First, Nescoll, incorporated on January 27, 1993, purchased flats 17 and 17-A of Avenfield House, Park Lane, London, on June 1, 1993, and July 23, 1996, respectively; and Nielson Holdings, incorporated on April 14, 1994, purchased flats 16 and 16-A of Avenfield House, Park Lane, London, on July 31, 1995.
Secondly, the decision of the UK High Court in the Hudabiya loan default case in 1999 shows that the loan was acquired on February 15, 1995. Despite Court orders on March 16, 1999 the loan was not paid back. Therefore the said court on November 5, 1999 attached the properties of flat 16, flat 16-A, flat 17, flat 17-A of Avenfield House to the UK Bank. Once the loan was paid, the properties were released.
If the offshore companies Nielsen and Nescoll own Park Lane flats since 1993/1995, the only way the Sharifs could have attached them to a UK bank in 1999 would be if they also owned the offshore companies. Thus it is clear that the Sharifs owned these flats in 1995 and not 2006 as is being claimed. It is also evident that both Mian Nawaz Sharif and Mian Shahbaz Sharif were in full knowledge of these offshore businesses and chose to hide it after re-entering Pakistani politics in 2007.
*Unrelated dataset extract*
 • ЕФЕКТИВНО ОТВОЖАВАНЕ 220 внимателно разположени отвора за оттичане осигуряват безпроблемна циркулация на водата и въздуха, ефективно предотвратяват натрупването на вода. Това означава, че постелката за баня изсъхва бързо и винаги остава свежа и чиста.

Courts showed bias in a criminal case that should have ended in conviction or acquittal. Lahore High Court while quashing a NAB argument on opening the case admitted that Nawaz Sharif allegedly had nominal shares in the business. The question is not nominal shares but full knowledge and allowing it to happen while in public offices. They continue to deny such activities before 2006 while still holding public offices. Judge Anwar Ahmed of an accountability court termed all charges “politically motivated”, a remark that was never deliberated.
Justice Iftikhar Chaudary targeted select individuals who could have impacted the logical conclusion of this case. The pressure brought on Admiral Fasih and Governor State Bank by the Chief Justice was not without reason. Soon after PMLN came to power, Admiral Fasih was dismissed by the Chief Justice. Governor State Bank and Chairman SECP resigned.
The Supreme Court bench handling the case must take cognizance of these events.
After evaluating all evidence, some questions the apex court and litigants must pursue include: –
1) When were the offshore companies in the name of any family member formed or purchased?
2) Names of owners/trustees,
3) Sources and amount of initial and subsequent funding/profits
4) Loans obtained through these companies and against what securities
5) What and when were properties owned by these companies purchased?
6) All financial transactions pertaining to these companies since 1992 and
7) Ask State Bank of Pakistan to submit and make public record of all foreign currencies remitted out of Pakistan from April to May 1998.